ACTION ITEM
Give again, word for word, every line below from the one that has "Zlatý přívěšek ve" through the one that has "Stack. Layer. Shine.", both included, and no others.

INPUT DATA
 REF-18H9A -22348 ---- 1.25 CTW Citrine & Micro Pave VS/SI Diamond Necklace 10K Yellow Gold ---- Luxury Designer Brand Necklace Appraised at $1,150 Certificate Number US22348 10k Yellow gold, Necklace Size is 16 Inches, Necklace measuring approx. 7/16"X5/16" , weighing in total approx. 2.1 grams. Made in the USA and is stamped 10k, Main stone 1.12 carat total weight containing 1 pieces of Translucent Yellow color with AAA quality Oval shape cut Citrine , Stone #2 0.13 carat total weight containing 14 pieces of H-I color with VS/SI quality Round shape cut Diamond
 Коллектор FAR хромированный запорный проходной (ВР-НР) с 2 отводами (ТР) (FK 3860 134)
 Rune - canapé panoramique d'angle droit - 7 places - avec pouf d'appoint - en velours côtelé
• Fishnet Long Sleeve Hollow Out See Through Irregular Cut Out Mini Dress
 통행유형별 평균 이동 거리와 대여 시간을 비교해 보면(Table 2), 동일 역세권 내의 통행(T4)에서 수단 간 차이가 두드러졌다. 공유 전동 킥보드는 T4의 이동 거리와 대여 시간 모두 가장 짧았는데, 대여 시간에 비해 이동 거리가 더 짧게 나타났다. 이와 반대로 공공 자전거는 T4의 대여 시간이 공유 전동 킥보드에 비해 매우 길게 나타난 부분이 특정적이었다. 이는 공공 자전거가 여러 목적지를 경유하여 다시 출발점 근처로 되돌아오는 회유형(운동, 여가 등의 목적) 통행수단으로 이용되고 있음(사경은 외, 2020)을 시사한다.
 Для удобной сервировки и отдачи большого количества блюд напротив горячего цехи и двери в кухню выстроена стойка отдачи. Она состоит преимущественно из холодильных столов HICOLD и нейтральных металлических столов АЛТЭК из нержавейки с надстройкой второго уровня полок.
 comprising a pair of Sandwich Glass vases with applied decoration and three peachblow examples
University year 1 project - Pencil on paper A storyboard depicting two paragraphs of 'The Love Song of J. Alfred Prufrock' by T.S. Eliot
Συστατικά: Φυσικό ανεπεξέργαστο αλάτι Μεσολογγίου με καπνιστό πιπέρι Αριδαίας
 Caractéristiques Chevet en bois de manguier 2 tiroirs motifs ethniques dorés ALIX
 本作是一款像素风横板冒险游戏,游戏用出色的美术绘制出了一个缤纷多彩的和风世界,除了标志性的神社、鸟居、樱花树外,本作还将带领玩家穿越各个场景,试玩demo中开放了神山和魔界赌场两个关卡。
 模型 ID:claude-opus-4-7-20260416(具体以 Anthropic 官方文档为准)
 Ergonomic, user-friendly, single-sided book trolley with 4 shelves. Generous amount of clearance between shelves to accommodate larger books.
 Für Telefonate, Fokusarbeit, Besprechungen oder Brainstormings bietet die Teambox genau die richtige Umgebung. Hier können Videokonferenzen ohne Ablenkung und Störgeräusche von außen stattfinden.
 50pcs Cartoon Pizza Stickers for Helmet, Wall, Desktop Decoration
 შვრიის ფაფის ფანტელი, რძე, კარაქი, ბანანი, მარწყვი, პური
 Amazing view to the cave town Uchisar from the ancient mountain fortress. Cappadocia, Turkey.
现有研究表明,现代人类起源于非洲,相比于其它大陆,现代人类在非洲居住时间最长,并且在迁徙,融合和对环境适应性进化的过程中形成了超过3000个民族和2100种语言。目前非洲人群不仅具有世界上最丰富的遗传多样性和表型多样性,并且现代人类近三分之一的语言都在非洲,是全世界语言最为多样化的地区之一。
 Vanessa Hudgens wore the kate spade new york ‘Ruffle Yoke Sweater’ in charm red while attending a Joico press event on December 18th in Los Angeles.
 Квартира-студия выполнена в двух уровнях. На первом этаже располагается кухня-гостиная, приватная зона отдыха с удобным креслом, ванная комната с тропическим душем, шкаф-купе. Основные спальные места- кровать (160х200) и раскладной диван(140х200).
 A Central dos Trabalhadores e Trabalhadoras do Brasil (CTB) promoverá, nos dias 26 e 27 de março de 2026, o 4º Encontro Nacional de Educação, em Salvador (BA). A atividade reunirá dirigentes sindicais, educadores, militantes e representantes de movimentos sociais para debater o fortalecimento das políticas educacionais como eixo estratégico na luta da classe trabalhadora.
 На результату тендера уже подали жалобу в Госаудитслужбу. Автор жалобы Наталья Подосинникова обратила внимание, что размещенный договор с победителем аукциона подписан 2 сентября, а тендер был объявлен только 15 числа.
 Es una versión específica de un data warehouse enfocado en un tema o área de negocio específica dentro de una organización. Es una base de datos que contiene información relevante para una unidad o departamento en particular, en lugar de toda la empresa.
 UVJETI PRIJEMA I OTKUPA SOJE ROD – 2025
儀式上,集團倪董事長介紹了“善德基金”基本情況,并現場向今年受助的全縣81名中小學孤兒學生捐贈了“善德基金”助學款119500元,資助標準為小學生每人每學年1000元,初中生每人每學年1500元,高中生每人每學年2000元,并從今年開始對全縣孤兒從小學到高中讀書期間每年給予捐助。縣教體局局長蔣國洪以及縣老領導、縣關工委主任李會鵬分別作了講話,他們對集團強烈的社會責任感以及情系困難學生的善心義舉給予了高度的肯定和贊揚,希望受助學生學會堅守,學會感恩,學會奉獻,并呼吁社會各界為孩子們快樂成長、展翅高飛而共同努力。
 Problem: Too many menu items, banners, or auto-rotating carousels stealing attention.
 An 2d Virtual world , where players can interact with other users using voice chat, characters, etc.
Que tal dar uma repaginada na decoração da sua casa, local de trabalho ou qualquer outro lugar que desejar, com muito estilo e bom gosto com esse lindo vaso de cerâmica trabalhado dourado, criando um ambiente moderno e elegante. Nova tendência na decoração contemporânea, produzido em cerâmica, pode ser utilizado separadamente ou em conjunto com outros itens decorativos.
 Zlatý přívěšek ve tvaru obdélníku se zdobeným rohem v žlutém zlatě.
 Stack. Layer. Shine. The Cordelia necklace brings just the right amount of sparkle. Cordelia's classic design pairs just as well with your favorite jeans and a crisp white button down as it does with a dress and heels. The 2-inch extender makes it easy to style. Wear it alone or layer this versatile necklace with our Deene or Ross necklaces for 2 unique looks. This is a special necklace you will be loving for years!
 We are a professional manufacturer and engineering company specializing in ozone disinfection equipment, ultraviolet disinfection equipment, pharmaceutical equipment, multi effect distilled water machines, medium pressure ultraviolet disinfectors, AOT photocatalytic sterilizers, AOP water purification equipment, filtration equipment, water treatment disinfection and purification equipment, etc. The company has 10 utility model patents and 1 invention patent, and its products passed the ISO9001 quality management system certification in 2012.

SOLUTION TO THIS PROBLEM
 Zlatý přívěšek ve tvaru obdélníku se zdobeným rohem v žlutém zlatě.
 Stack. Layer. Shine. The Cordelia necklace brings just the right amount of sparkle. Cordelia's classic design pairs just as well with your favorite jeans and a crisp white button down as it does with a dress and heels. The 2-inch extender makes it easy to style. Wear it alone or layer this versatile necklace with our Deene or Ross necklaces for 2 unique looks. This is a special necklace you will be loving for years!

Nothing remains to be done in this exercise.